Given information
▬▬▬▬▬▬▬▬▬▬
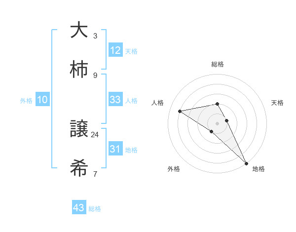 大柿 譲希さんを姓名の画数から五運を鑑定
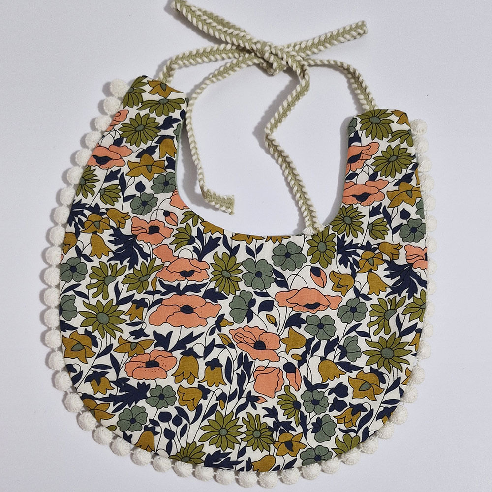 Babero de algodón reversible verde agua floral para bebe RN hasta los 6m Aititi´s Kids
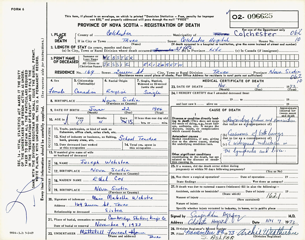 Female Death Registration: Year: 1973 number: 6625
▬▬▬▬▬▬▬▬▬▬
Leave the pictures out, and reproduce only the lines from the line holding "Babero de algodón" through the last line of the material, both included.

 Babero de algodón reversible verde agua floral para bebe RN hasta los 6m Aititi´s Kids
 Female Death Registration: Year: 1973 number: 6625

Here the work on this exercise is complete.